Strained supply chain for glass vials could delay coronavirus vaccine

The market for glass is relatively fixed and prone to shocks.

ByElissa Nunez and Sony Salzman
June 21, 2020, 9:20 AM

Even though many potential COVID-19 vaccines require different pharmaceutical ingredients and processes, drugmakers the world over have found themselves racing to acquire a key ingredient without which they can't distribute their live-saving drugs: glass.

With at least 11 novel coronavirus vaccines having advanced to clinical trials, companies and governments are working to avoid a life-threatening bottleneck in the supply chain that could prevent the medicine from finding its way into the glass vials used to give patients shots.

The glass market is relatively fixed and slow-growing, making it prone to shortages, according to BIO Vice President of Infectious Diseases Phyllis Arthur. Glass manufacturers, of which there are few, could have trouble sourcing thousands of vaccine doses, let alone billions.

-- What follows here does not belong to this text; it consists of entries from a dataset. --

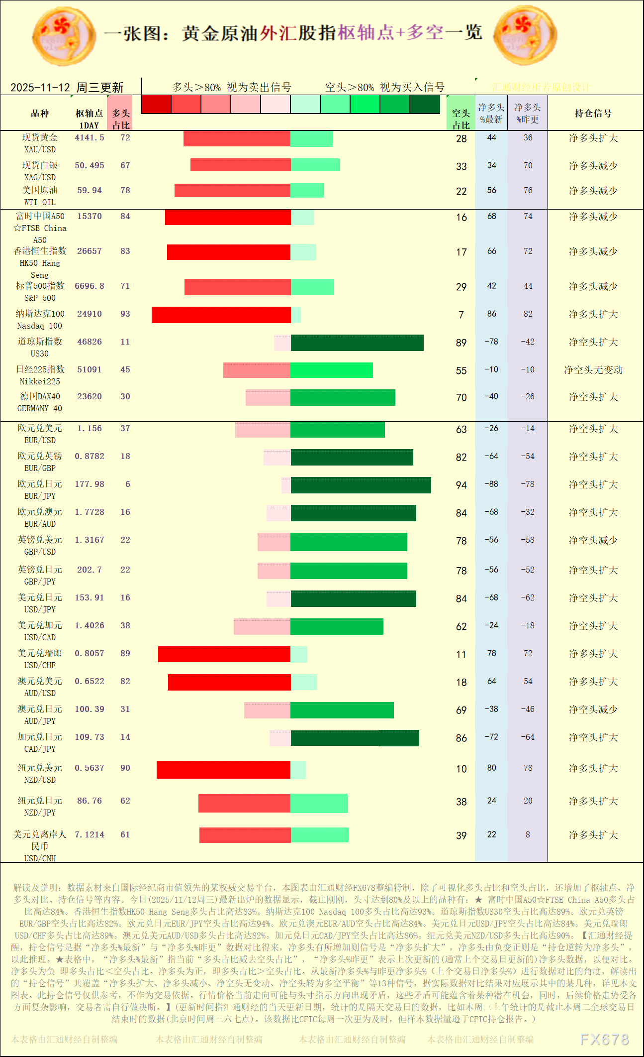一张图:2025/11/12黄金原油外汇股指“枢纽点+多空持仓信号”一览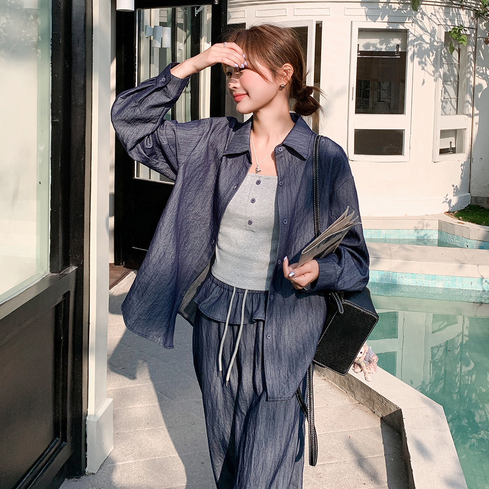 Setelan Modis Musim Semi dan Musim Gugur Kemeja Dua Potong Gaya Desain Longgar Gaya Korea Kemeja Jeans Kaki Lebar Pinggang Tinggi Setelan Dua Potong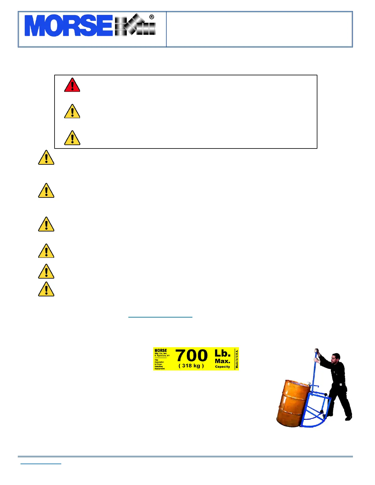 WARNING - The Drum Cradle Truck is designed to handle one drum of the types listed below under Machine

"That is an extraordinary surge in demand for that product, that specific piece of material," Arthur said.

PHOTO: Vials are seen in this undated stock image.
Vials are seen in this undated stock image.
Er Productions Limited/Getty Images

The urgent demand for vials could not only overwhelm the U.S. market but trigger a global shortage, which is why scientists, manufacturers and government officials are sounding the alarm -- and not just for glass.

"We're really dependent on this supply chain to remain free and available," Genentech CEO Alexander Hardy said Tuesday during a PhRMA virtual press conference. "I intersperse my day, in between helping my kids with their homework, with calls to legislators and policymakers because this supply chain topic is really a critical one right now."

Dr. Rick Bright, the former head of the Biomedical Advanced Research and Development Authority, or BARDA, filed a whistleblower complaint in May warning that major pharmaceutical tubing suppliers already had sold out of borosilicate tubing, advising the administration to devise an immediate strategy to prevent more shortages.

"It could take up to two years to produce enough vials for U.S. vaccine needs, while some therapeutics will also require vials," Bright said.

Such a delay in vaccine production could have disastrous consequences, as more than 450,000 people already have been lost to COVID-19. What's more, a coronavirus vaccine that requires follow-up shots every few years could further stress medical supplies.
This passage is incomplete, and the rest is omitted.